For another example, when the value of N is set to 5, you can use 00000 to record a total of 0 faces, use 00001 to record a total of 1 face, use 00010 to record a total of 2 faces, and use 00011 to record a total of 3 faces. A total of 4 faces, etc. are recorded using 00100.

Using bit-based information to record, on the one hand, the results of image processing by different image recognition algorithms can be recorded in a unified manner, which is convenient for subsequent video processing operations; on the other hand, it can also greatly save storage space.

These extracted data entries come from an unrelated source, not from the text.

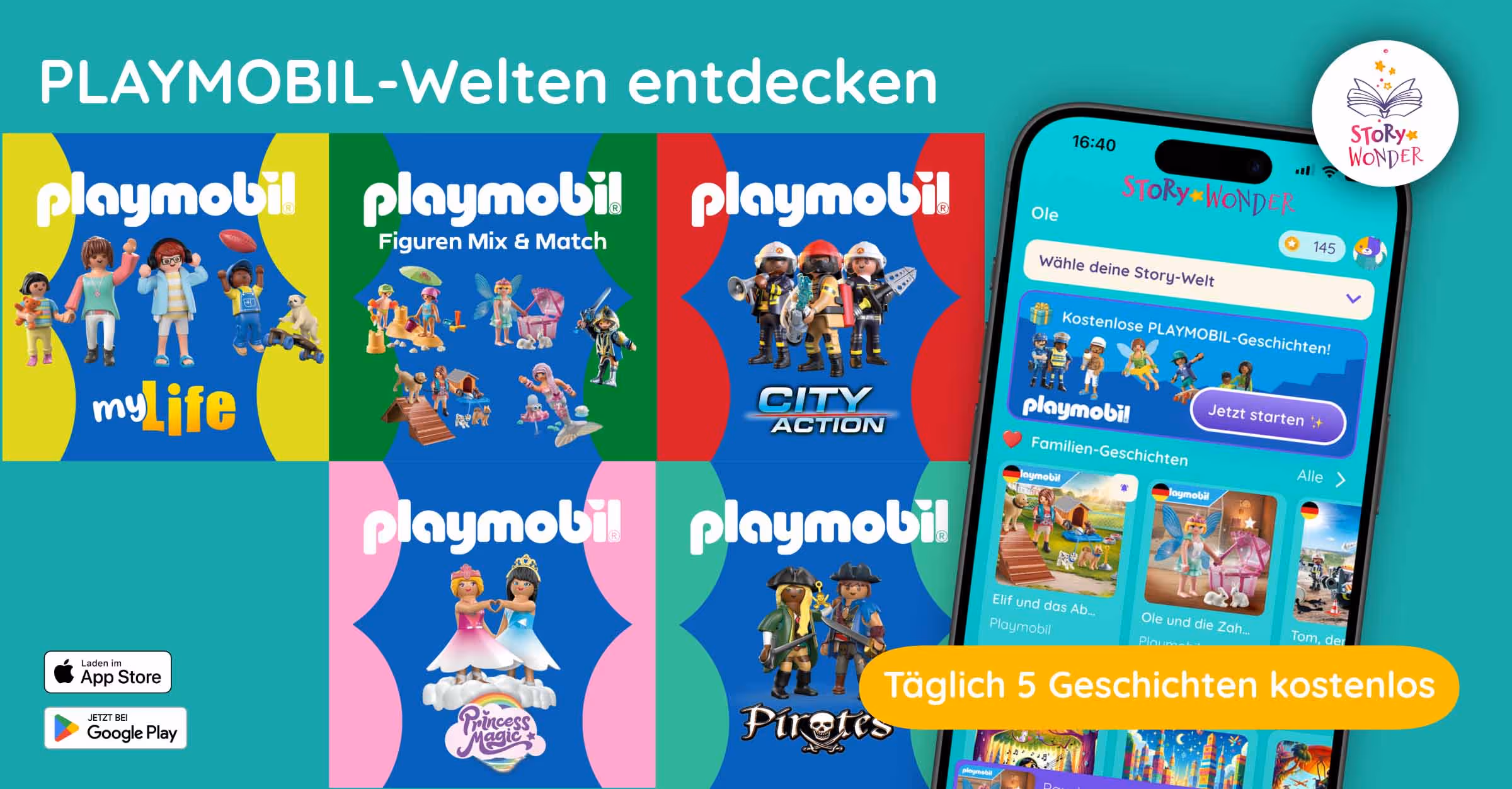 Mit unserer App StoryWonder und den beliebten PLAYMOBIL-Welten startet ein völlig neues Spielzeitalter. Unsere KI-Technologie verwandelt Figuren, Orte und Lieblingssets in lebendige, maßgeschneiderte Geschichten – mit deinem Kind als Held oder Heldin. Ob „Princess Magic“, „Pirates“ oder „CITY ACTION“: Die Abenteuer passen sich an das Alter, die Interessen, ja sogar an den Namen deines Kindes an. So wird Spielzeit zur Geschichtenzeit.
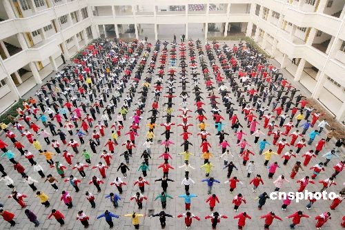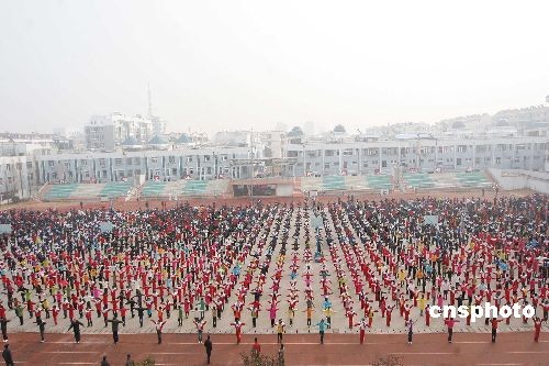 2009年2月6日,江苏省赣榆县外国语学校万名师生在校园大操场做广播体操。当日,该县20万中小学生结束寒假,开始新学期的学习。中新社发 司伟 摄
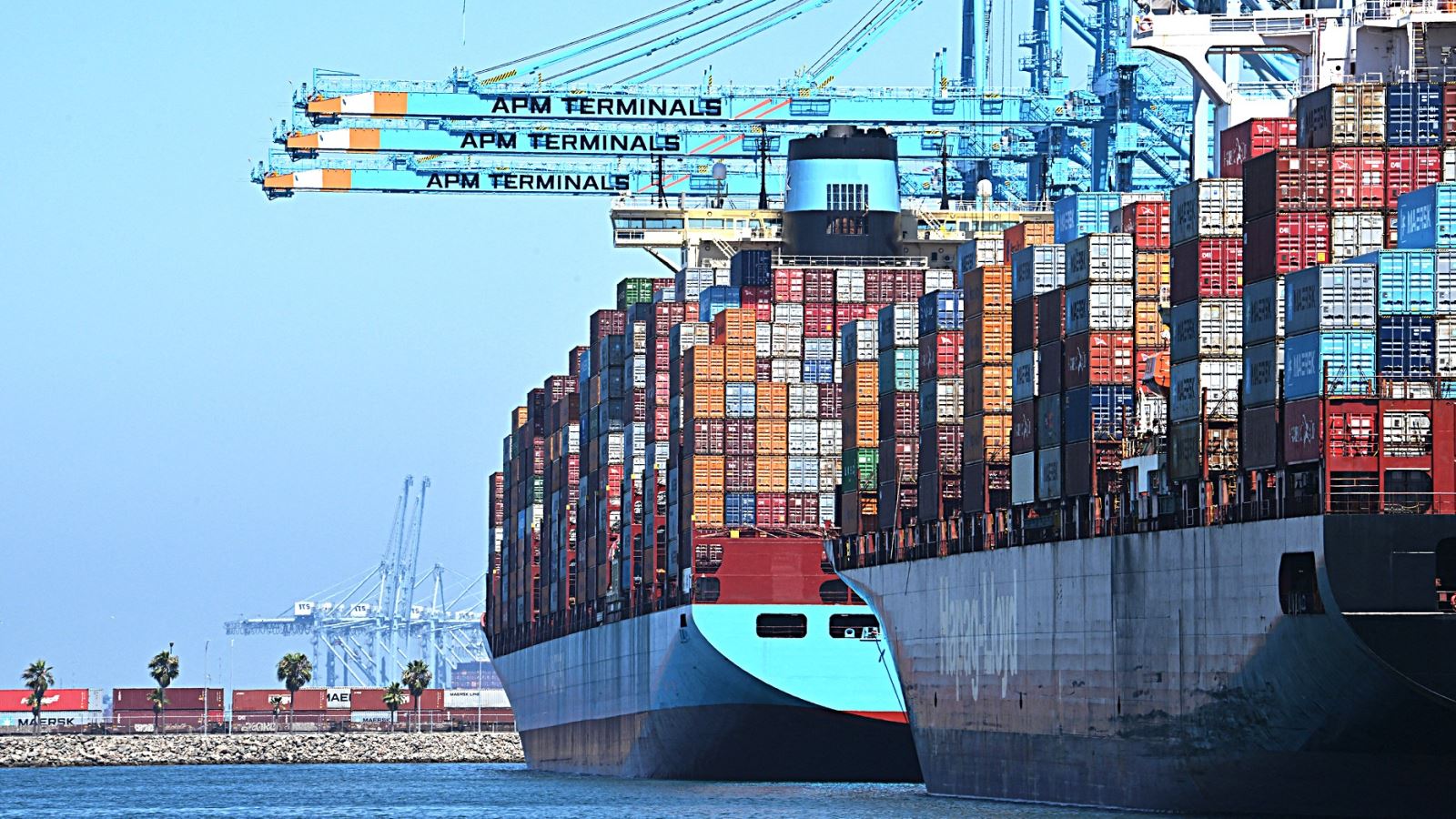 Tàu container neo đậu tại cảng APM ở California vào hôm 31-7 - Ảnh: AFP
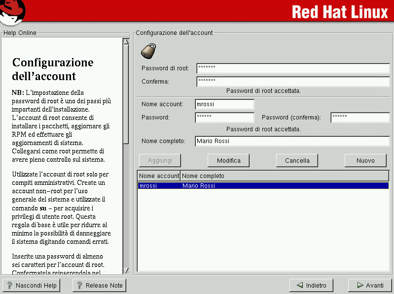 La configurazione di un account e una password di root rappresenta uno dei passi più importanti durante l'installazione. L'account di root è simile all'account dell'amministratore usato negli elaboratori con Windows NT. L'account di root è utilizzato per installare pacchetti, aggiornare gli RPM ed eseguire la manutenzione del sistema. Collegarsi come root può darvi un pieno controllo del sistema.

Optionally, through multiple application tests, it is widely applicable to video clips including different contents and does not occupy much storage space. Preferably, N is equal to 8.

It can be seen from the above embodiments of the present invention that the embodiments of the present invention first identify the continuous image frames in the video clip to obtain the attribute information corresponding to at least one target image frame in the continuous image frames; then, according to the attribute information corresponding to the target image frame, Obtain the mark description information of the video segment, where the mark description information includes information recorded based on bits, the length of the bits is T*N, T represents the number of object categories in the target image frame, and N is an integer greater than or equal to 4 . Therefore, the embodiment of the present invention can not only record the recognition results of consecutive image frames in the video segment by multiple image recognition algorithms in a unified manner, but also greatly save data storage space.

Example two

The second embodiment of the present application provides a video segment marking method. As shown in FIG. 2, FIG. 2 is a schematic flowchart of a video segment marking provided by an embodiment of the application, including:

Step S201: Recognizing continuous image frames in a video clip to obtain attribute information corresponding to at least one target image frame in the continuous image frames, where the attribute information includes identification mark information.

In this embodiment, a variety of different image recognition algorithms can be used to recognize consecutive image frames in a video clip, and the target image frame or the objects included in the target image frame are classified according to multiple angles to obtain at least one The identification mark information corresponding to the target image frame. Wherein, the identification mark information is used to identify the identification mark of at least one object category corresponding to the target image frame. One target image frame or one object in the target image frame may correspond to the identification mark of one or more object categories. A variety of different identification marks can be included.

For example, when the image recognition algorithm is used to identify the objects included in the continuous image frames in the video clip corresponding to the "object category" and "dog category", if three dogs are included in the target image frame, the identification mark information can be included. Use "DOG" to identify the corresponding identification marks of the three dogs in the "object category", and use "01", "02", and "03" to identify the corresponding identification marks of the three dogs in the "dog category".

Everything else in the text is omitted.